E-Signatures in the GC/E-Signature Terminology
Home |
Jurisdictions throughout the world have adopted laws and regulations that recognize the validity of electronic documents and electronic signatures. Some jurisdictions are very technology specific, others are much more general and technology neutral. In addition, the terms and definitions surrounding electronic signatures tend to differ from one jurisdiction to another and this can lead to some degree of confusion. A more thorough examination of the terms and definitions used in other jurisdictions is provided in Annex A of the Government of Canada Guidance on using Electronic Signatures.
At the Canadian federal government level, the terms electronic signature, digital signature and secure electronic signature are all present in Government of Canada (GC) legislation. The purpose of this post is to help clarify these terms so that they can be used consistently throughout the GC. This post is primarily based on the Government of Canada Guidance on using Electronic Signatures but provides a more condensed tutorial on the terminology.
Part 2 of the Personal Information Protection and Electronic Documents Act (PIPEDA) defines an electronic signature as follows:
“a signature that consists of one or more letters, characters, numbers or other symbols in digital form incorporated in, attached to or associated with an electronic document.”
Essentially, an electronic signature (also denoted as “e signature” for short ) can be virtually any form of electronic representation that can be linked or attached to an electronic document or transaction. Although not intended to represent an exhaustive list, examples of e-signatures include:
- user authentication combined with a mouse click on some form of acknowledgment button to capture intent (i.e., “click to sign”)
- using a stylus on a tablet touchscreen to write a signature by hand and capture it in electronic form
- a typed name or signature block in an email
- a scanned hand-written signature on an electronic document
- a sound such as a recorded voice command (for example, a verbal confirmation in response to a question)
- a digital signature
- a secure electronic signature
Notice that both digital signatures and secure electronic signatures are considered to be a form of an e-signature.
In the context of the GC the earliest definitions for digital signature date back over two decades with the introduction of the Payments and Settlements Requisitioning Regulation and the Electronic Payments Regulation. Both regulations define a digital signature exactly the same as follows: “the result of the transformation of a message by means of a cryptosystem using keys such that a person having the initial message can determine:
- whether the transformation was created using the key that corresponds to the signer’s key, and
- whether the message has been altered since the transformation was made.”

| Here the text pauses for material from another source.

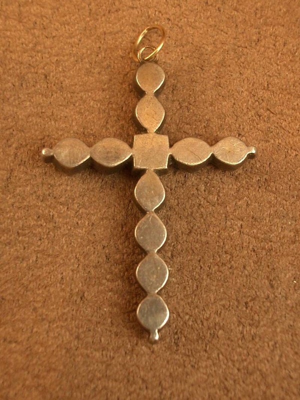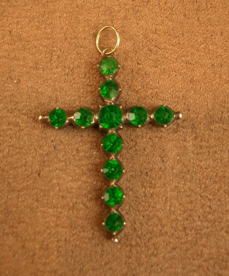 Pendentif ancien, croix en argent et vermeil sertie de pierres vertes XIXe siècle

The Canadian Centre for Cyber Security also provides a definition for digital signature in ITSP.40.111: “a cryptographic transformation of data which provides the service of authentication, data integrity, and signer non-repudiation.”
In essence, a digital signature is a type of e-signature based on asymmetric cryptography. The signer of the message, document or transaction uses their private signing key to create a digital signature and anyone with access to the signed data and the signer’s public key verification certificate can verify the digital signature
However, not all digital signatures are created equal and some are more reliable or robust than others. For example, the manner in which a signer’s identity is verified before issuing their public key verification certificate, the type of token used to store the signer’s private signing key, the trustworthiness of the Certification Authority (CA) that issues the public key verification certificate and the digital signature algorithm and key length (among other things) collectively determine the reliability of the digital signature.
This is where the term “secure electronic signature” comes in. A secure electronic signature is also a digital signature but with specific characteristics as defined in Part 2 of PIPEDA as follows:
- the electronic signature resulting from the use by a person of the technology or process is unique to the person;
- the use of the technology or process by a person to incorporate, attach or associate the person’s electronic signature to an electronic document is under the sole control of the person;
- the technology or process can be used to identify the person using the technology or process; and
- the electronic signature can be linked with an electronic document in such a way that it can be used to determine whether the electronic document has been changed since the electronic signature was incorporated in, attached to or associated with the electronic document.